The system is the not the spec or the tests. An agent is only reasoning about how to add a new feature, and the only thing preventing from changing observable behavior is the tests. So if an agent is changing untested behavior it’s changing the purpose of the system.
Thats not exactly a great argument depending on undefined behavior. Should I as a developer depend on “undefined behavior” in C (yes undefined behavior is explicitly defined in C)?
On a user facing note, I did a project where I threw stats in DDB just for my own observation knowing very well that was the worse database to use since it does no aggregation type queries (sum, average, etc). I didn’t document it, I didn’t talk about it and yet the developer on their side used it when I specifically documented that he should subscribe to the SNS topic that I emit events to and ingest the data to his own Oracle database.
No library maintainer for instance of C# or Java library is going to promise that private functions that a developer got access to via reflection is not going to change.
I’m solely responsible for public documented interfaces and behaviors.
Oh and that gets back to an earlier point, how do I know that my systems will be able to be maintained? For the most part I design my systems to do a “thing” with clearly defined entry points and extension points and exit points and interfaces. In the case I’m referring to above - it was a search system that was based on “agents” some RAG based, one using a Postgres database with a similarity search, and an orchestrator. You extend the system by adding a new lambda and registering it and prioritizing results if the agent with my vibe coded GUI.

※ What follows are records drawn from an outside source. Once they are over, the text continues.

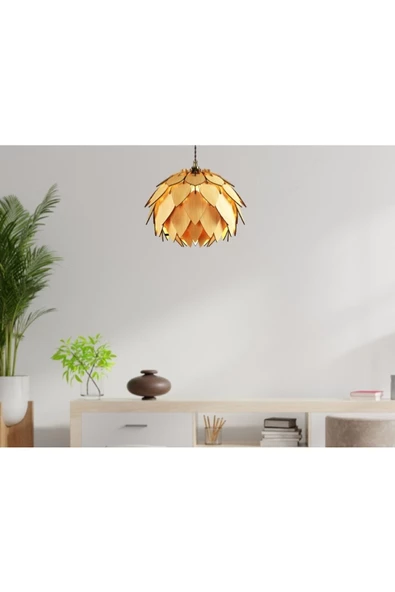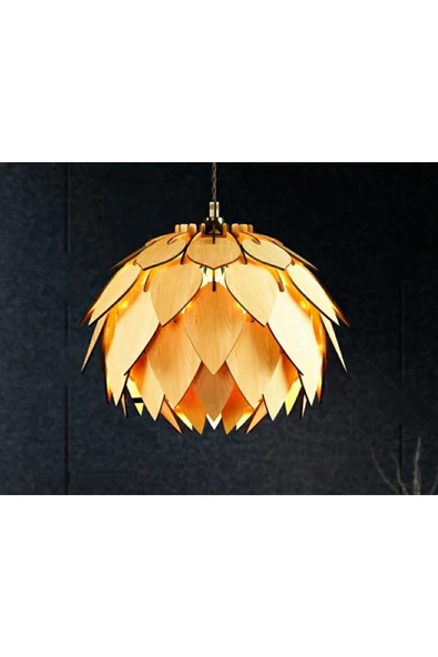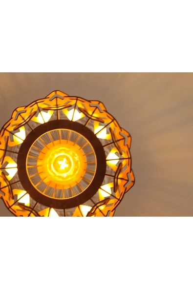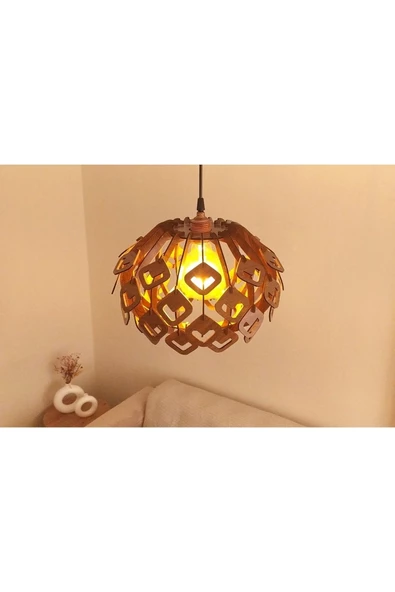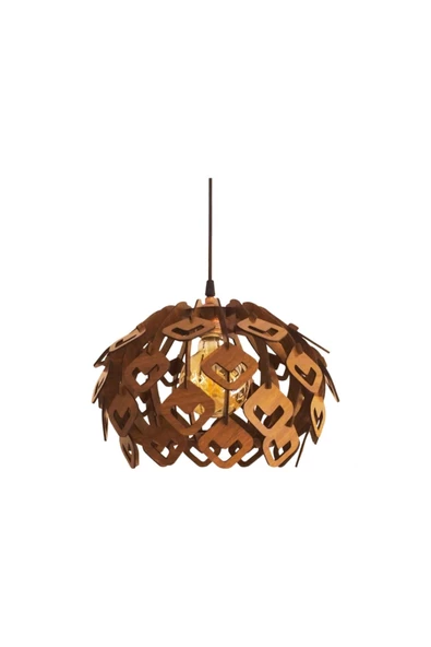 HÜMAModern Tasarım Doğal Ahşap Mdf 3d Lazer Kesim Rustik Salon Avize
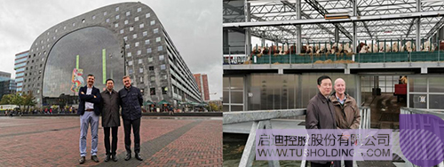 當(dāng)?shù)貢r(shí)間10月4日下午,在世界園藝中心國(guó)際合作總監(jiān)Mark Zwinkels的陪同下,胡波一行考察了素有“全球最美菜市場(chǎng)”之稱(chēng)的荷蘭鹿特丹繽紛菜市場(chǎng)(Markthal)和全球首個(gè)海上漂浮農(nóng)場(chǎng)(Floating Farm),會(huì)見(jiàn)了荷蘭鹿特丹繽紛菜市場(chǎng)(Markthal)的項(xiàng)目總策劃人Marcel Kroes, 海上漂浮農(nóng)場(chǎng)(Floating Farm)創(chuàng)始人Peter Van Wingerden,達(dá)成了項(xiàng)目投資和引入中國(guó)市場(chǎng)的合作意向。荷蘭鹿特丹繽紛菜市場(chǎng)(Markthal)是基于鹿特丹市中心舊市集的城市更新改造項(xiàng)目,已成為集餐飲、購(gòu)物、娛樂(lè)、住宿功能為一體的新型商業(yè)綜合體。海上漂浮農(nóng)場(chǎng)(Floating Farm)是生產(chǎn)加工一體化的農(nóng)業(yè)科技項(xiàng)目,位于緊鄰市中心的海邊,優(yōu)越的地理位置不僅可以為城市居民帶來(lái)新鮮、健康的食物,而且大大縮短了運(yùn)輸距離,減少環(huán)境污染。
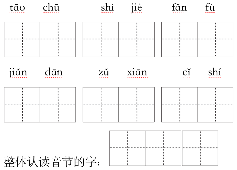 1.拼一拼,写一写,并写出整体认读音节的字。(9分)
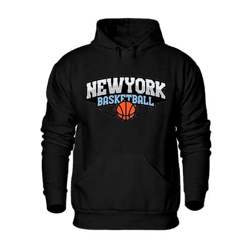 Blusa de Frio Moletom Masculino Flanelado Estampa Basquete Punho e Capuz Cordao Ajustavel - Preto - P
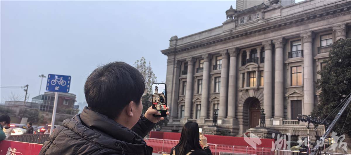 傍晚6点,江汉关墙体忽然亮起。“2026”“武汉”“共祝愿祖国好”等字样,配合流动的动画,在百年立面上交替浮现。
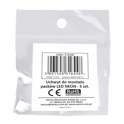 Zestaw uchwyt do mocowania taśmy LED NEON uchwyty 5 sztuk Polux
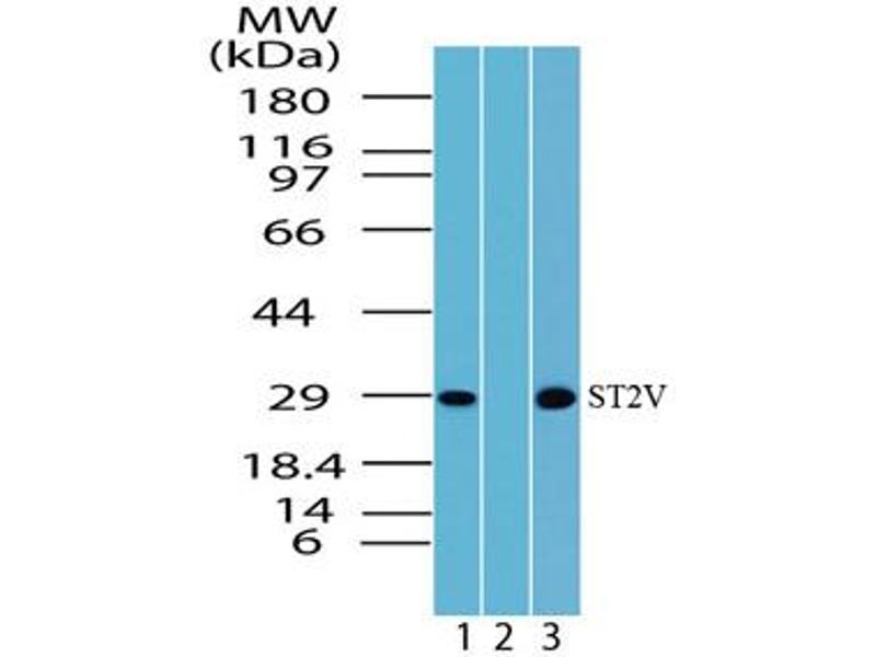 A synthetic peptide corresponding to amino acids 207-220 (QSFCKLKKSLIFSN) of human ST2V, GenBank no BAA85894. Percent identity with other species by BLAST analysis: Human (100%).
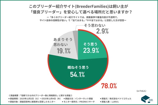 「このブリーダー紹介サイト(BreederFamilies:https://breederfamilies.com/)は飼い主が「優良ブリーダー」を安心して選べる場所だと思いますか?」と質問したところ、約8割が『そう思う(23.9%)』『概ねそう思う(54.1%)』と回答しました。
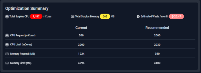 This card highlights your current settings and Densify’s recommended settings, based on utilization.

Apple is famous for instance for not caring if you tried to use private APIs and it broke in a new version.
This is a topic I happen to know a little about. You as a programmer should probably avoid UB for the most part, but the key point here is that programmers don’t follow this rule.
A while back a study found that SQLite, PostgreSQL, GCC, LLVM, Python, OpenSSL, Firefox all contained code that relied on unsigned overflow. Basically even though the C spec says it’s UB, almost every CPU you’ll run into uses twos compliment so it naturally wraps around.
When compiler authors tried to aggressively optimize and broke everything they had to roll that back and/or release flags to allow users to continue using the old behavior.
This kind of stuff happens all the time. The C spec is nearly worthless paper because what matters is what the compilers implement not what the spec tells them to implement. If you spend time talking to LLVM folks, breaking the world because they changed some unspecified behavior is one of their top concerns.
And this is programmers who know how to read specs.
Imagine you’re working on software used by nearly ever major movie studio. You think those users have ever read the spec for the software they are using? They don’t care about UB, they don’t even know the concept exists.
It doesn’t matter how well tested I think my software is. Even very simple software will have unspecified and untested behavior. You give the software a little time and some users and they will start exploiting that behavior. It I unleashed some agents on our code base to implement well architected features, without reviewing their output, and could somehow magically ensure that they didn’t break any workflow that we had documented, tested, or that was even known about to our organization, the head of NBCUniversal would be on the phone with my bosses bosses bosses boss demanding we change it back to the way it was within 24 hours.
Users depend on what the system does, not what you as a designer think it does. The purpose of a system is what it does. Not what it says it does.
We’ve been having this argument since the waterfall days. The code is the spec. We aren’t architects drawing blueprints. The code is the blueprint. If it was that easy to design systems like this all code would already be generated from UML graphs and flowcharts like we’ve been able to do for decades.
This “the only thing that matters about code is whether it meets requirements” is such a tired take and I can’t imagine anyone seriously spouting it has has had to maintain real software.